“The Radioson Detector” in “The Perversity of Things: Hugo Gernsback on Media, Tinkering, and Scientifiction”
The Radioson Detector
The Electrical Experimenter, vol. 1, no. 10, February 1914
It is a well-known fact that the Electrolytic Detector has always been one of the most sensitive detectors invented since detectors first came into general use.[1] The reason why it has not been adopted as the universal detector is partly due to the fact that the ordinary Electrolytic Detector, as it has been known in the past, was not a really commercial article, for it cannot be denied that even the best Electrolytic Detectors, as manufactured heretofore, had some serious defects. One of the reasons, and perhaps the main reason why it was not used universally, is that in all such detectors manufactured heretofore it was always necessary that a certain amount of acid was handled; this naturally is a serious objection, as not everybody likes to have acid around the instrument table, and for the reason, also, that the acid in the Electrolyte (or rather the water in it) evaporates quite readily, and therefore makes continuous adjustment necessary.[2]

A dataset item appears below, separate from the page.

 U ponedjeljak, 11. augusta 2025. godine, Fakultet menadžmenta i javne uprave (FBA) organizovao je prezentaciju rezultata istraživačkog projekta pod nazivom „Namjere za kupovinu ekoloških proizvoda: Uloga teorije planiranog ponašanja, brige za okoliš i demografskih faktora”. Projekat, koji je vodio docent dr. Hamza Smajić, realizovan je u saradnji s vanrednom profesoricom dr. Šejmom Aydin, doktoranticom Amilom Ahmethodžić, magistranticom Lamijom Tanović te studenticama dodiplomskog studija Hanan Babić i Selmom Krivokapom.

The Bare-point detector, while excellent in many respects, is subject to every draft of air, as the exceedingly fine platinum wire, which can hardly be seen by the naked eye, is usually subject to drafts, and, as a matter of fact, even the operator’s breathing against the detector will readily throw it out of adjustment. Of course, this is not the case if the detector should be encased by a glass bell or other cover. However, it cannot be denied that the Electrolytic Detector as a whole is the most sensitive detector if it is put together in its correct fashion.
Many inventors have busied themselves in constructing an Electrolytic Detector that would have only the good features of same and none of its bad ones, but not since the advent of the Radioson has it been possible to produce a really satisfactory article.[3] Even the Bare-point detector, which heretofore has always been considered as the most sensitive detector of this class, is only really sensitive in the hands of an operator who is very familiar with its working and knows exactly all its functions. The writer might state that there are mighty few operators who are fully conversant with the theoretical as well as the practical side of such a detector, and that is the reason why the Electrolytic Detector, as it has been known heretofore, was not as successful as it deserved to be.

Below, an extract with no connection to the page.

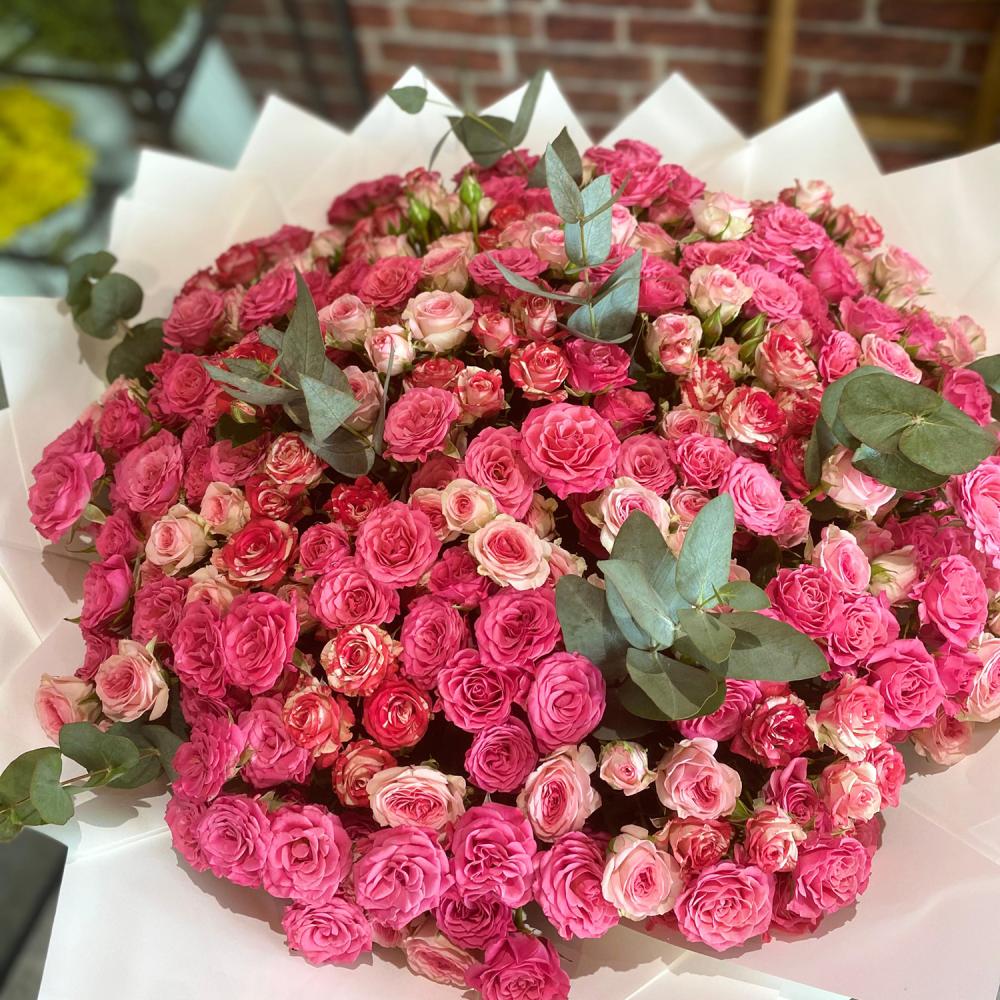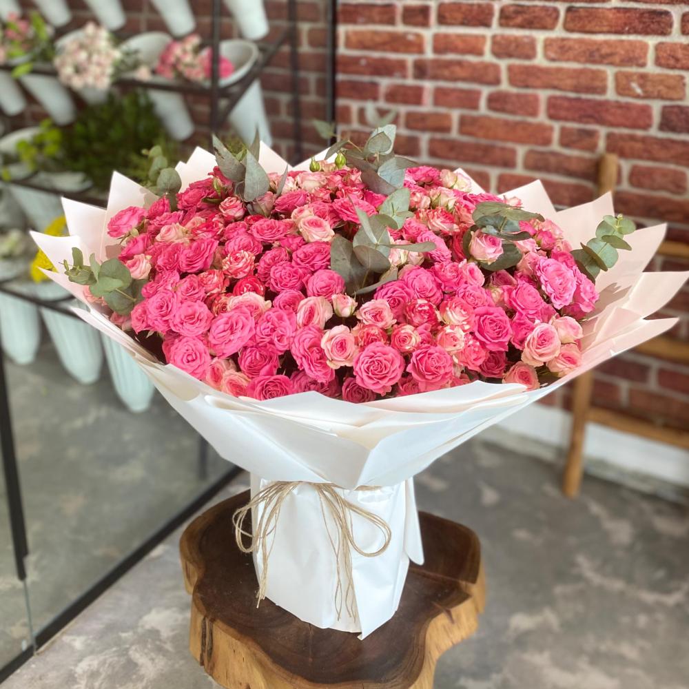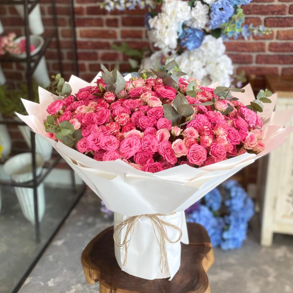 باقة فاخرة تنبض بالجمال، تجمع ورود الجوري بدرجات وردية متدرجة من الفاتح إلى الغامق، بترتيب يلفت الأنظار. تكتمل اللمسة بأوراق خضراء أنيقة تضيف توازنًا حيويًا وتبرز روعة الألوان.

The Radioson Detector has been the outcome of years of experimenting and it is interesting to note that only a platinum wire of a certain size, which has been found by experiment, will produce the best results. A few hundred thousandths of an inch variation in thickness will make an enormous difference in the sensitiveness of the Radioson Detector. It might be stated that only one in about four manufactured will come out fit to pass inspection, and the other three must be discarded as useless; this, perhaps, is the reason that this detector costs more to manufacture, and therefore is more expensive than the regular detector.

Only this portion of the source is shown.